Biologica Launches Hormone-Stage Supplements for Women, Backed by $7M and 1,000-Person Study
WELLNESS

Biologica Launches Hormone-Stage Supplements for Women, Backed by $7M and 1,000-Person Study

By Yuna · · Yahoo Finance
KO | EN

A woman’s body at 25 is not the same as at 42, and neither is her hormonal environment. Yet most supplements on the market are designed as one-size-fits-all solutions, indifferent to where a woman actually is in her life. Biologica was built around that gap.

The brand officially launched on December 9, 2025, through biologica.com. Its founders, Liz Zwillinger and Joey Zwillinger, designed it around three distinct hormonal stages rather than a single universal formula. Joey is best known as co-founder of Allbirds, the sustainable footwear brand. This time, he and his wife are focused on women’s health.

$7 Million in Seed Funding, and the Investors Behind It

Biologica raised $7 million in seed funding before launch. The round was led by Addition, with participation from Hawktail (led by Michael Polansky), Greycroft (which counts Katherine Power among its partners), and True Beauty Ventures. Good Friends, the firm founded by the co-founders of Warby Parker, Harry’s, and Flamingo, also joined the round. Bestselling author Gabrielle Bernstein and Katherine Schwarzenegger Pratt are among the individual investors.

The lineup signals something beyond a consumer brand. It positions Biologica at the intersection of wellness, women’s health, and science-backed nutrition, which is precisely where investor attention has been building.
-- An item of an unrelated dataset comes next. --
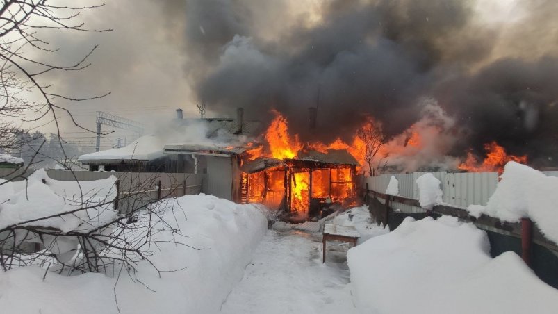 К моменту приезда спастелей у здания сильно горела крыша. Пожарным удалось спасти от огня женщину с ограниченными возможностями здоровья и её домашних животных.

Research Before the Product

Before developing a single formula, Biologica conducted a health study across 1,000 women. The goal was to understand what symptoms women actually experience at different hormonal stages, not what products might sell well. The scientific advisory board includes OB/GYNs, a breast surgical oncologist, and a naturopathic doctor, each involved in actual product design rather than just lending their names.
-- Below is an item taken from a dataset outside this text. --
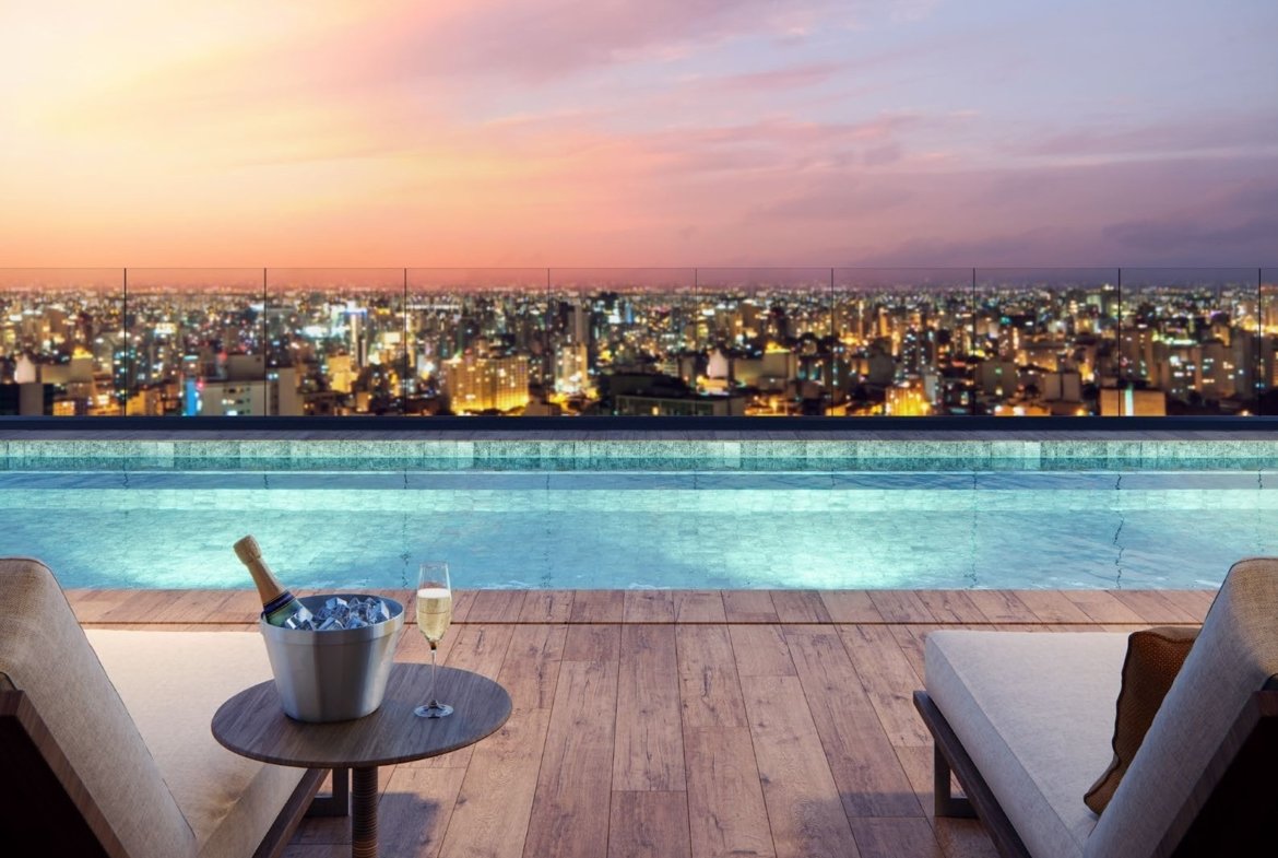 Lazer no rooftop com vista privilegiada da cidade, sky bar, espaço fitness e muito mais.

From that research came three lines.

Primary is for women aged 18 to 45. It targets mood regulation, skin health, and PMS symptoms, with a formulation built around the hormonal fluctuations of the menstrual cycle.

Midlife is for women aged 40 to 55, the perimenopause transition years. It addresses sleep disruption, irritability, and brain fog, three of the most commonly reported complaints during this stage.

Postmenopause is for women 50 and older. With estrogen levels permanently reduced, the formulation shifts focus to cognition, bone density, cardiovascular health, and cellular protection.

Why 28mg of Saffron Matters

One of the most clinically specific ingredients in the lineup is Affron, a standardized saffron extract included at 28mg, the dose used in published clinical trials. Saffron is familiar as a spice, but at certain concentrations it influences serotonin and dopamine pathways in ways that multiple studies have connected to improved mood and reduced irritability.

The 28mg figure matters because it reflects the amount shown to produce measurable effects in clinical research. Many supplements on the market either do not disclose their saffron content or include amounts too small to match the doses studied.

Effervescent Drinks, Recyclable Tins

Rather than capsules or tablets, Biologica chose an effervescent format that dissolves in water. The format was selected for both bioavailability and the daily experience of taking it. Packaging comes in recyclable tin cans, a nod to the sustainability focus that defined Allbirds from the start.

Pricing is $70 per tin (around $2 per day), with a subscription option at $59 per month.

A Market Catching Up to Women’s Actual Lives

Biologica’s launch reflects a broader shift in women’s health supplements. The category has long been anchored to two poles: prenatal support and menopause symptom relief. The space in between, the years when a woman’s hormonal environment is actively shifting but not yet categorized as a clinical phase, has received far less attention.

The brand’s framework, three lines mapped to distinct life stages and informed by research with 1,000 real women, offers a different starting point: not what you should take, but where you are right now.